Yashasin Iran Yashasin Azarbaijan, I LOVE YOU BOTH
Baku (Azerbaijani: Bakı; Cyrillic Бакы), sometimes known as Baky or Baki, is the capital and the largest city of Azerbaijan. It is located on the southern shore of the Apsheron Peninsula, at 40°23′N 49°52′E. Modern Baku consists of three parts: the Old Town (İçəri Şəhər), the boomtown and the Soviet-built town. Population (January 1, 2003 census): 2,074,300[1]. About 3 million people live in metropolitan area (due to large numbers of refugees and internally displaced persons).
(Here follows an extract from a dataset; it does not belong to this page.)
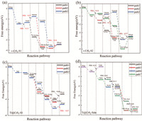 | Fig. 6. The reaction pathway of NO reduction on systems of (a) v-CrS2-S1, (b) v-CrS2-S1, (c) Ti@CrS2-S1, and (d) Ti@CrS2-Side. | |
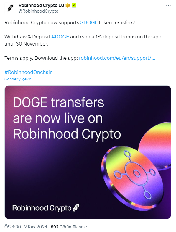 Borsanın kripto kolu olan Robinhood Crypto, bugünden itibaren kullanıcıların Dogecoin (DOGE) yatırıp çekebileceklerini ve 30 Kasım’a kadar %1 para yatırma bonusu kazanabileceklerini duyurdu. Gerçekten de bu lansman, Mayıs ayında tetiklenen son para çekme dalgasından sonra büyük bir hamle. Kriptokoin.com’dan takip ettiğiniz üzere platform, Mayıs’ta ABD SEC’ten bir Wells Bildirimi aldı. Bunun ardından borsa para çekme dalgasıyla karşı karşıya kaldı. SEC’in Robinhood’un kripto bölümüne karşı potansiyel düzenleyici eylem sinyali vermesinin ardından yatırımcılar harekete geçti. O dönemde Dogecoin (DOGE)’den on milyonlarca dolar çekti.

The layout of the oil-rich city is rectangular, only in the oldest part of the city within the fortress walls the streets are crooked and narrow. The boomtown, south of the old city, was built after massive petroleum exploitation began nearly a century ago and has interesting beaux-arts architecture. Fine arts, history and literature museums are located there, all housed in the mansions of pre-Revolutionary millionaires.
Modern Baku spreads out from the city walls, its streets and buildings rising up hills that rim the Bay of Baku. Greater Baku is divided into 11 districts (Azizbayov, Binagadi, Garadagh, Narimanov, Nasimi, Nizami, Sabail, Sabunchu, Khatai, Surakhany and Yasamal) and 48 townships. Among these are townships on islands in the bay and one island town built on stilts in the Caspian Sea, 50-100 km from Baku proper (the so-called Oil Rocks).
Origin of the Name
The name Baku is widely believed to be derived from the old Persian names of the city Badu-kube, meaning "city where the wind blows", or Baghkuh, meaning "Mount of God". Arabic sources refer the city as Baku, Bakukh, Bakuya, and Bakuye, all of which seem to come from the original Persian name.
Other theories suggest that the name dates back to Zoroastrianism and comes from the word Baga meaning the "the sun" or "the god" in a number of ancient languages.

The history of Baku dates back to 1st millennium BC. The first written reference to Baku dates from 885.
The city became important after an earthquake destroyed Shemakha and in the 12th century, ruling Shirvanshah Ahsitan I made Baku the new capital. In 1501 shah Ismail I Safavi laid a siege to Baku. At this time the city was however enclosed with the lines of strong walls, which were washed by sea on one side and protected by a wide trench on land. In 1540 Baku was again captured by the Safavid troops. In 1604 the Baku fortress was destroyed by Iranian shah Abbas I.

On June 26, 1723 after a lasting siege and firing from the cannons Baku surrendered to the Russians. According to Peter the Great's decree the soldiers of two regiments (2,382 people) were left in the Baku garrison under the command of Prince Baryatyanski, the commandant of the city. In 1795 Baku was invaded and destroyed by Aga Muhammad khan Kajar and the tsarist Russia began maintaining a policy of subduing Azerbaijan to itself. In the spring of 1796 by Yekaterina II’s order General Zubov’s troops started a large campaign in Transcaucasia. Baku surrendered after the first demand of Zubov who had sent 6,000 militants to capture the city. On June 13, 1796 the Russian flotilla entered the Baku bay and a garrison of the Russian troops was placed in the city. General Pavel Tsitsianov was appointed the Baku's commandant. Later however Pavel I ordered to cease the campaign and withdraw the Russian forces back. In March, 1797 the tsarist troops left Baku but a new tsar, Alexander I began to show a special interest in capturing Baku. In 1803 Tsitsianov reached an agreement with the Baku khan to compromise, but the agreement was soon annulled. On February 8, 1806, after the city was surrendered, under the accompaniment of the retinue Huseyngulu khan left the city to present the city’s keys to Sisianov.
In 1813, Russia signed the Treaty of Gulistan with Persia, which provided for the cession of Baku and most of the Caucasus from Iran and their annexation by Russia.